Henderson plays Annie, a woman whose declining health and cognitive functioning, due to dementia, mean she’s often at one remove from reality, increasingly residing in the realm of the past. For the first four episodes, Henderson barely has any dialogue, and yet there’s heft to her presence — with just a flash of the eyes or a twitch of a smile, she conveys an entire internal world that the viewer isn’t yet privy to. “I liked the idea of a woman for whom things are changing,” says Henderson thoughtfully. “Part of her is leaving, and other parts of her are coming in through memories and the past. She’s questioning things and haunted by things.”
Another draw was the idea of working with fellow Scot Dougray Scott (Mission: Impossible 2, Desperate Housewives), who plays her husband David, oscillating between barely contained fury and seismic grief and regret.

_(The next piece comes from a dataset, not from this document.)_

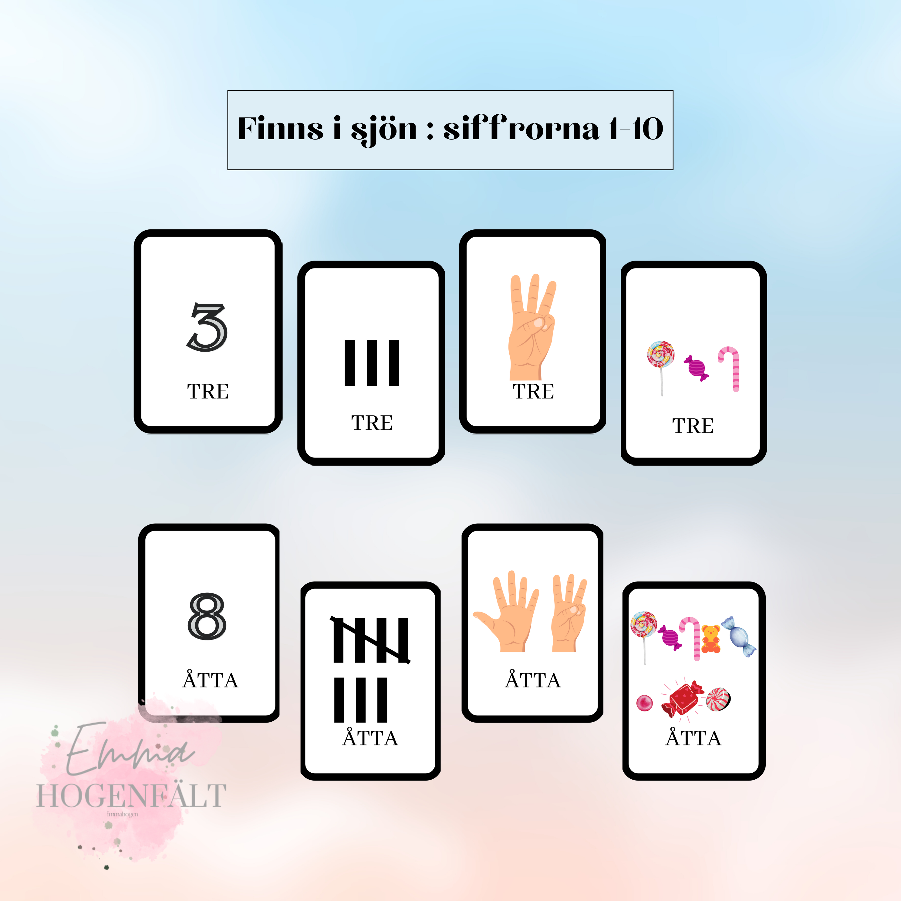 Finns i sjön – siffrorna 1-10. Spelet kombinerar olika representationsformer och antalet av siffrorna 1-10 visualiseras av fingrar, streck och godis. Godiset varierar i storlek för att uppmärksamma eleverna på att det är antalet som anger talets värde inte storleken. Siffran skrivs med bokstäver på alla kort för att eleverna ska sammanlänka ordbilden till antalet som siffran beskriver. Siffran finns också skriven på symbolspråk.

In one of those quirks of serendipity, Henderson met Scott for the very first time the night before she was offered the part of Annie. “That was another huge appeal and a surprise — I couldn’t believe it,” she says. “The timing was very strange, as if it was meant to be.” The scenes between them are taut and powerful, showing the wafer-thin line between love and hate that spouses dance along in a long-term marriage. “I think that’s life, isn’t it?” Henderson muses. “Who said life was going to be easy? We could all just walk away, we could just say, ‘OK, I’m fed up.’ But people don’t – we cling on. You need the battles in life.”
Amid emotionally charged scenes, Henderson and Scott would defuse the tension by sitting around drinking endless cups of tea, eating cheese toasties and having gentle conversations about books and soup. Henderson describes the process as “lovely”: “We just hung about together, and tried to make it nice for each other, because it’s a journey. When it’s big, emotional stuff — for me, anyway — it’s nice to not be that off set. It’s nice to just have a laugh or a giggle or just be quiet. Bring it down to ordinary, and then you can kind of cope.”